You need to get very clear, possibly written instructions from your parents. They may not want you disciplining your siblings at all or they may want you to do something completely different from what you have been doing or from what they do. Your mom's instruction to "keep them safe" is too vague. You need to ask her what exactly to do in each of the likely scenarios such as jumping on the bed.
Ask her: "what should I do if they jump on the bed?"
She will say: "tell them to stop"
You should say: "what should I do if they don't stop when I tell them to?"
I won't fill in a possible answer because it could be literally anything. She needs to tell you what to do when they ignore your intstructions. This is an area where you should not guess. You should get explicit instructions. And don't let her end with "tell them to stop" because they will ignore you abnd you need to know what to do when they ignore you.

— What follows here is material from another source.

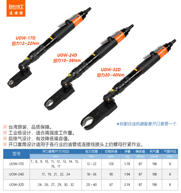 東莞市強(qiáng)勁五金工具有限公司提供臺(tái)灣BOOXT波世特品牌氣動(dòng)工具,大扭矩氣動(dòng)開口扳手UOW-24D廠家直銷,首件享特價(jià)。咨詢熱線:4008301980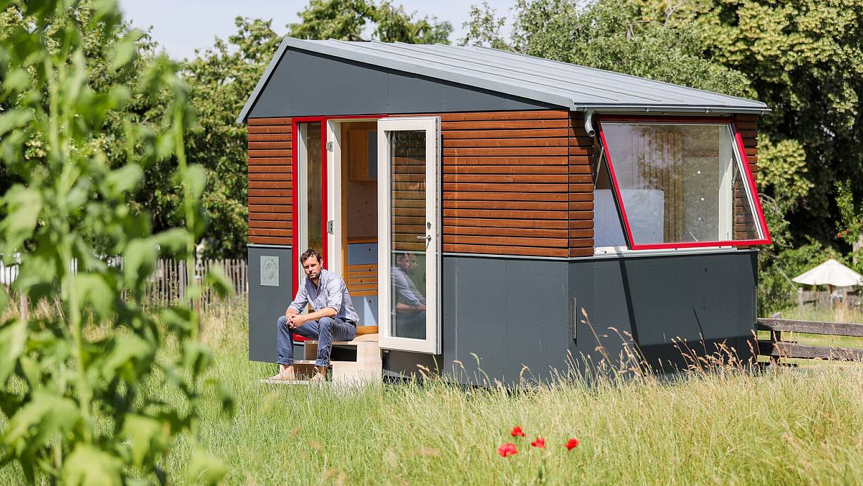 "Tiny-House" nennt man ein solch kleines Gebäude, vor dem Sascha Wagner sitzt. Die Grünen wollten wissen, ob es für diese minimalistische Wohnform auch in Verl Grundstücke geben könnte. | © picture alliance/dpa/dpa-Zentralbild

Disciplining other peoples' kids is a very tricky area. A lot of pretty serious fights between family members happen when the parents are not explicit in what the related babysitter is supposed to do in the likely event that their instructions are ignored. I think it is a very bad idea to decide on your own what punishment is appropriate because they may not want you to discipline them at all! Or they may want you to do something very specific that is nevertheless different from what they do. Trying to do like they do or think up something on your own is asking for trouble. So ask them exactly what to do when your safety instructions are ignored.